• WORK REQUEST: Down to the final line, write out the material beneath exactly, without pictures.

[RAW DATA Boundary: Start]

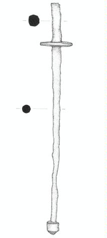 Stelo cilindrico a sezione circolare, che va rastremandosi verso l'estremità; impugnatura cilindrica, distinta dallo stelo tramite piastra a disco circolare. Fodero attaccato (?)
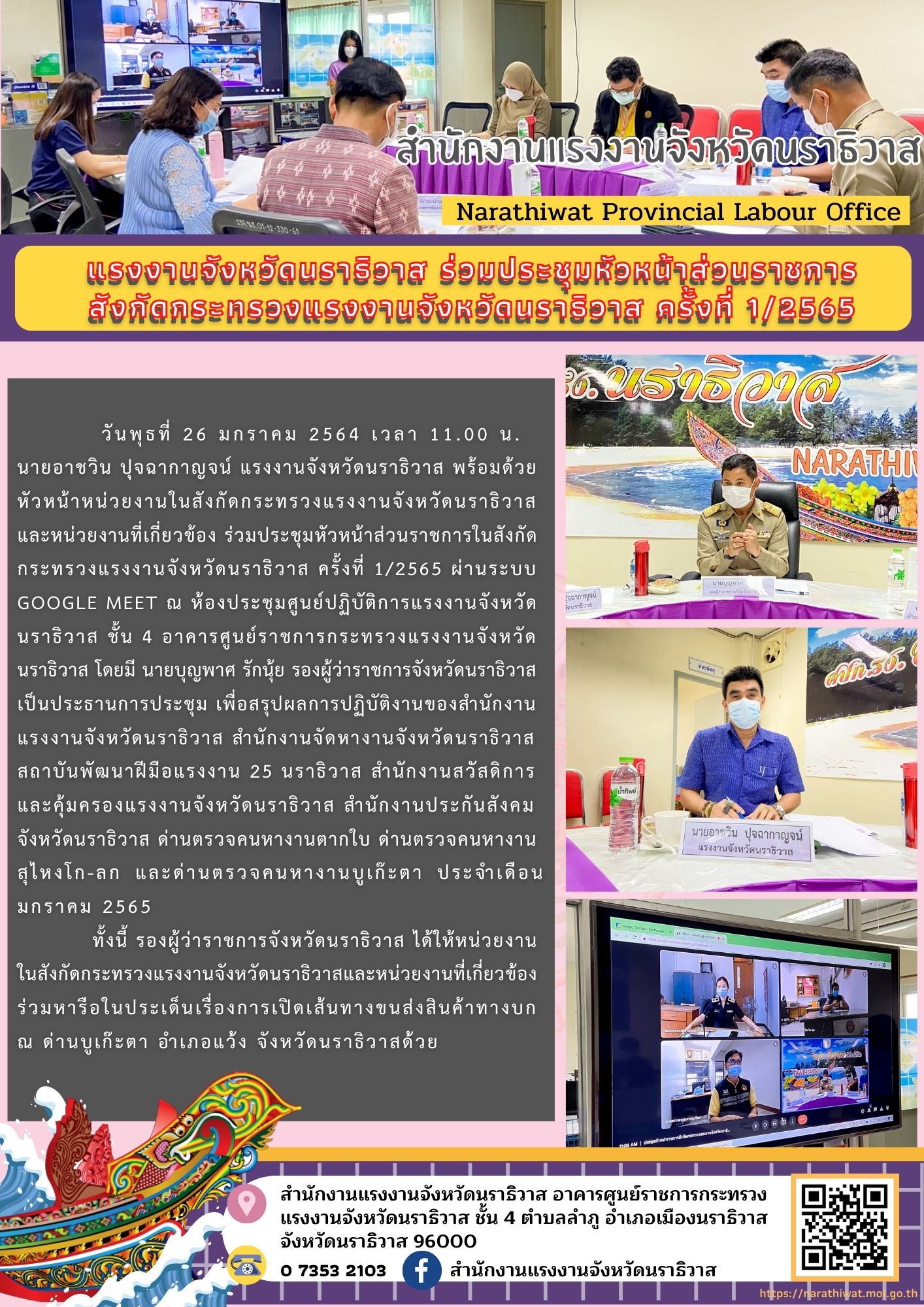 แรงงานจังหวัดนราธิวาส ร่วมประชุมหัวหน้าส่วนราชการสังกัดกระทรวงแรงงานจังหวัดนราธิวาส ครั้งที่ 1/2565
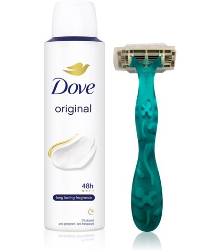 Dove Original, 2 st, Antitranspirant voor Vrouwen , Alles voor een mooie huid in één verpakking. Met de cosmeticaset Dove Original kun je jezelf blij maken of een naaste een plezier doen. Inhoud van de set: Dove Original Antitranspirant Deospray 48h 150 ml Razor Scheerapparaat 1 st Kenmerken: beschermt tegen vervelende geur geeft frisheid biedt langdurige bescherming laat geen vlekken achter op de kleding scheert snel en gemakkelijk past zich aan de plooien van het lichaam aan scheert oksels, benen en intieme gebieden doet elke vrouw plezier Hoe te gebruiken: Gebruik elk product uit de cosmeticaset volgens de gebruiksaanwijzing. ...

[RAW DATA Boundary: End]

• RESULT FOR THIS TASK:
 Stelo cilindrico a sezione circolare, che va rastremandosi verso l'estremità; impugnatura cilindrica, distinta dallo stelo tramite piastra a disco circolare. Fodero attaccato (?)
 แรงงานจังหวัดนราธิวาส ร่วมประชุมหัวหน้าส่วนราชการสังกัดกระทรวงแรงงานจังหวัดนราธิวาส ครั้งที่ 1/2565
 Dove Original, 2 st, Antitranspirant voor Vrouwen , Alles voor een mooie huid in één verpakking. Met de cosmeticaset Dove Original kun je jezelf blij maken of een naaste een plezier doen. Inhoud van de set: Dove Original Antitranspirant Deospray 48h 150 ml Razor Scheerapparaat 1 st Kenmerken: beschermt tegen vervelende geur geeft frisheid biedt langdurige bescherming laat geen vlekken achter op de kleding scheert snel en gemakkelijk past zich aan de plooien van het lichaam aan scheert oksels, benen en intieme gebieden doet elke vrouw plezier Hoe te gebruiken: Gebruik elk product uit de cosmeticaset volgens de gebruiksaanwijzing. ...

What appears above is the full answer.